*Aim of the exercise*: Go through the listing and set it down exactly, leaving out its pictures.

*Recorded information*:
++++++

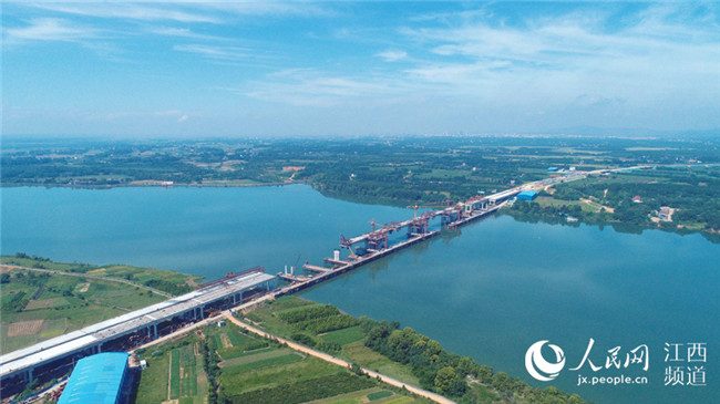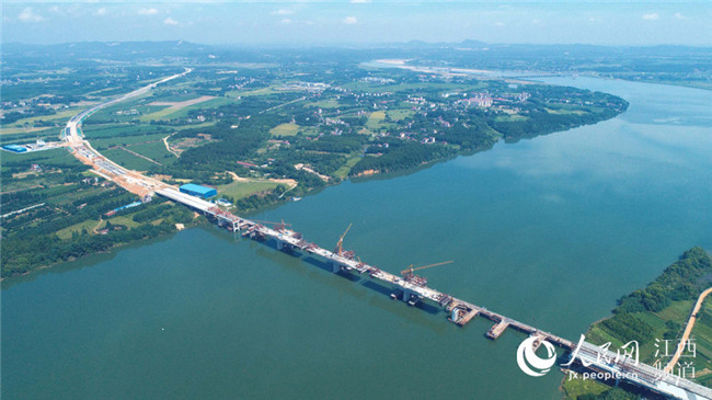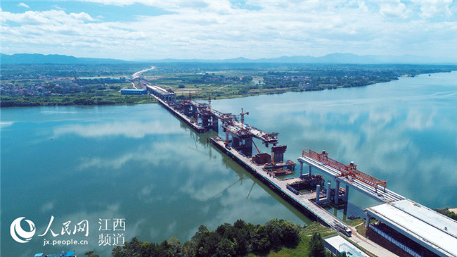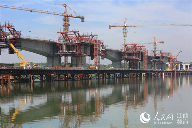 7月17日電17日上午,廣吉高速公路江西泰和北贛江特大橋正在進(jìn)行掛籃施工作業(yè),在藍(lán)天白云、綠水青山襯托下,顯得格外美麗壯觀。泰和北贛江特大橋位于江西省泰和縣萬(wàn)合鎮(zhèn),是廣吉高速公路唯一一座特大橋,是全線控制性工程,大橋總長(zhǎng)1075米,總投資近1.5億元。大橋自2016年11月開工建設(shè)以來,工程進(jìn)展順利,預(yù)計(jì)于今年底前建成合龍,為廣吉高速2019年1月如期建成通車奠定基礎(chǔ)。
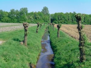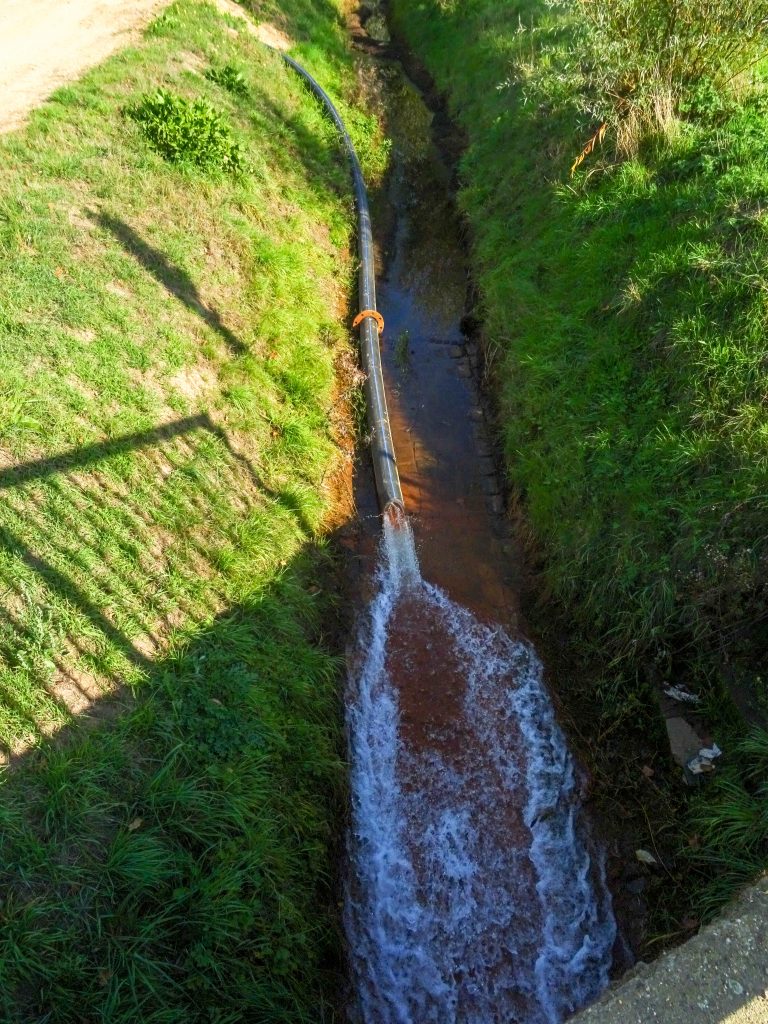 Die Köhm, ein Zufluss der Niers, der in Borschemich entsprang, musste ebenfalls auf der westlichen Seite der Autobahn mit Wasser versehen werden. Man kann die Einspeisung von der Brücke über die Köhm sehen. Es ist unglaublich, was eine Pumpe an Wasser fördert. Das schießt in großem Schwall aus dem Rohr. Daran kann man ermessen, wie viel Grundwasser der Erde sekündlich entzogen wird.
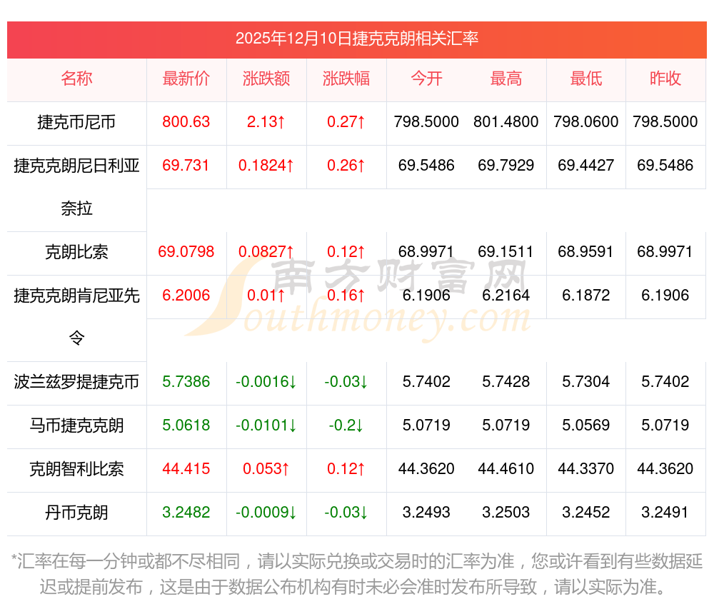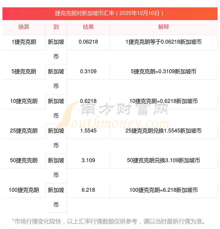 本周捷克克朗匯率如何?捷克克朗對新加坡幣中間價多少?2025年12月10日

++++++

*Expected answer*:
 7月17日電17日上午,廣吉高速公路江西泰和北贛江特大橋正在進(jìn)行掛籃施工作業(yè),在藍(lán)天白云、綠水青山襯托下,顯得格外美麗壯觀。泰和北贛江特大橋位于江西省泰和縣萬(wàn)合鎮(zhèn),是廣吉高速公路唯一一座特大橋,是全線控制性工程,大橋總長(zhǎng)1075米,總投資近1.5億元。大橋自2016年11月開工建設(shè)以來,工程進(jìn)展順利,預(yù)計(jì)于今年底前建成合龍,為廣吉高速2019年1月如期建成通車奠定基礎(chǔ)。
 Die Köhm, ein Zufluss der Niers, der in Borschemich entsprang, musste ebenfalls auf der westlichen Seite der Autobahn mit Wasser versehen werden. Man kann die Einspeisung von der Brücke über die Köhm sehen. Es ist unglaublich, was eine Pumpe an Wasser fördert. Das schießt in großem Schwall aus dem Rohr. Daran kann man ermessen, wie viel Grundwasser der Erde sekündlich entzogen wird.
 本周捷克克朗匯率如何?捷克克朗對新加坡幣中間價多少?2025年12月10日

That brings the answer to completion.